Thursday, June 22, 2017

Shoveling out the expectations

It's that time of year again. It's end of school, finish those last assignments, do the testing, schedule the evaluator, pull together the portfolio, that time of year. It's always at this time of year that I get grand ideas for all the things I'm going to do when I don't have to worry about homeschooling every day.
Every year that I do this I set myself some pretty crazy expectations. I'm going to clean my house, organize all the things, reupholster the couch, sew full wardrobes for me and the kids, solve world hunger, bring about world peace, vacuum out the car. You know, the usual.

I think this year I'm not.
I'm not going to set myself up for failure by imagining myself with unlimited time and energy.
I'm not going to imagine an entire new me by fall.
I'm not going to lose 50lbs by September.

This was a hard year for us. I've been dealing with some mental health crap and Pudding and Tyke are moving into more challenging school work while the Walnut starts Kindergarten and Filburt is not schooled yet so he pretty much destroys my house while I do school with everyone else.  It's been a challenge to be everything to everyone at all different stages of development and education.

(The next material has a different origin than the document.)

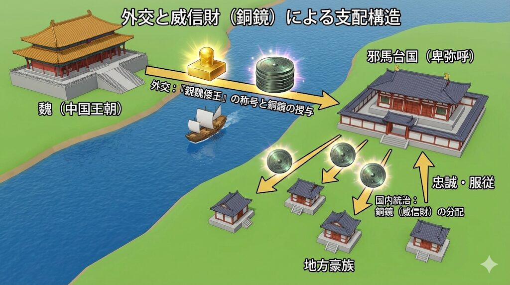 そしてもう一つ、卑弥呼の権力を支えていた重要な柱が、先ほど少し触れた魏との外交関係であり、彼女は239年に魏へ使いを送り『親魏倭王』の称号と多数の銅鏡を受け取ったわけですが、この銅鏡こそが、彼女の呪術的な力を視覚的に強化し、地方の豪族たちに分け与えることで忠誠を誓わせるための、極めて強力な【威信財】として機能していました。
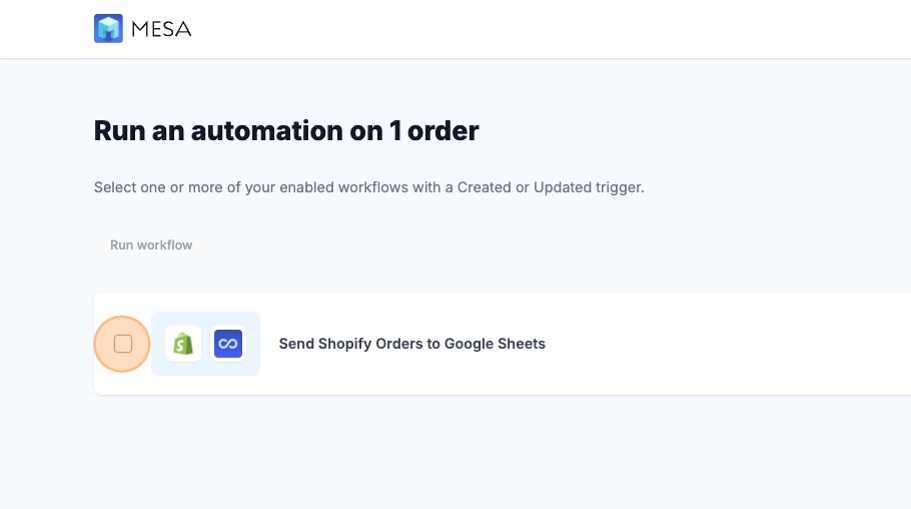 The example below will run a workflow that sends Shopify Orders to Google Sheets from the Shopify interface.

So this Summer I'm going to coast. I'm going to sleep as late as the kids will let me. I'll fix meals and clean them up. I'll read some trashy romance novels. I'll walk the dog and play with the kids. I'll putter around my garden and run the kids where they need to go but that's really it. I'm not going to bury myself in expectations. Maybe I'll find some motivation later, but right now, my instincts say to coast so that's my plan.